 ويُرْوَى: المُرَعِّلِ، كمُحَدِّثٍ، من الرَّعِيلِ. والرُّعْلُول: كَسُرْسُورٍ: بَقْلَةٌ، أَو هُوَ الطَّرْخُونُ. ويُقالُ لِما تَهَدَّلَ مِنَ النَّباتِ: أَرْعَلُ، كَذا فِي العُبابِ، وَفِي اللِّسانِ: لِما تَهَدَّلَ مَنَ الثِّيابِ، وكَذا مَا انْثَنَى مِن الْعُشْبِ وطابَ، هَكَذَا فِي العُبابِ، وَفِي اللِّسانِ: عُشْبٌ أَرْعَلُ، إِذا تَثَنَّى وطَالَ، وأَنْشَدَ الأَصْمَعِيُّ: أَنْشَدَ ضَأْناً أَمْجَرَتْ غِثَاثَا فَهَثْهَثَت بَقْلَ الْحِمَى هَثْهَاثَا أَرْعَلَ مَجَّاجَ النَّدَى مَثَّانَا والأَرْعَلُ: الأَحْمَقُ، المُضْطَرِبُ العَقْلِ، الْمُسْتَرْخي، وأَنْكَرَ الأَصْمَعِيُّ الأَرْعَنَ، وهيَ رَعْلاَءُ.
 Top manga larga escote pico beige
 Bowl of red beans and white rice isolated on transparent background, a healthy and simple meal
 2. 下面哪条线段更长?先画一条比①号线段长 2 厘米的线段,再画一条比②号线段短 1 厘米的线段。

**Task statement**:
Transcribe all of the material exactly as it appears.

**Output for this task**:
 ويُرْوَى: المُرَعِّلِ، كمُحَدِّثٍ، من الرَّعِيلِ. والرُّعْلُول: كَسُرْسُورٍ: بَقْلَةٌ، أَو هُوَ الطَّرْخُونُ. ويُقالُ لِما تَهَدَّلَ مِنَ النَّباتِ: أَرْعَلُ، كَذا فِي العُبابِ، وَفِي اللِّسانِ: لِما تَهَدَّلَ مَنَ الثِّيابِ، وكَذا مَا انْثَنَى مِن الْعُشْبِ وطابَ، هَكَذَا فِي العُبابِ، وَفِي اللِّسانِ: عُشْبٌ أَرْعَلُ، إِذا تَثَنَّى وطَالَ، وأَنْشَدَ الأَصْمَعِيُّ: أَنْشَدَ ضَأْناً أَمْجَرَتْ غِثَاثَا فَهَثْهَثَت بَقْلَ الْحِمَى هَثْهَاثَا أَرْعَلَ مَجَّاجَ النَّدَى مَثَّانَا والأَرْعَلُ: الأَحْمَقُ، المُضْطَرِبُ العَقْلِ، الْمُسْتَرْخي، وأَنْكَرَ الأَصْمَعِيُّ الأَرْعَنَ، وهيَ رَعْلاَءُ.
 Top manga larga escote pico beige
 Bowl of red beans and white rice isolated on transparent background, a healthy and simple meal
 2. 下面哪条线段更长?先画一条比①号线段长 2 厘米的线段,再画一条比②号线段短 1 厘米的线段。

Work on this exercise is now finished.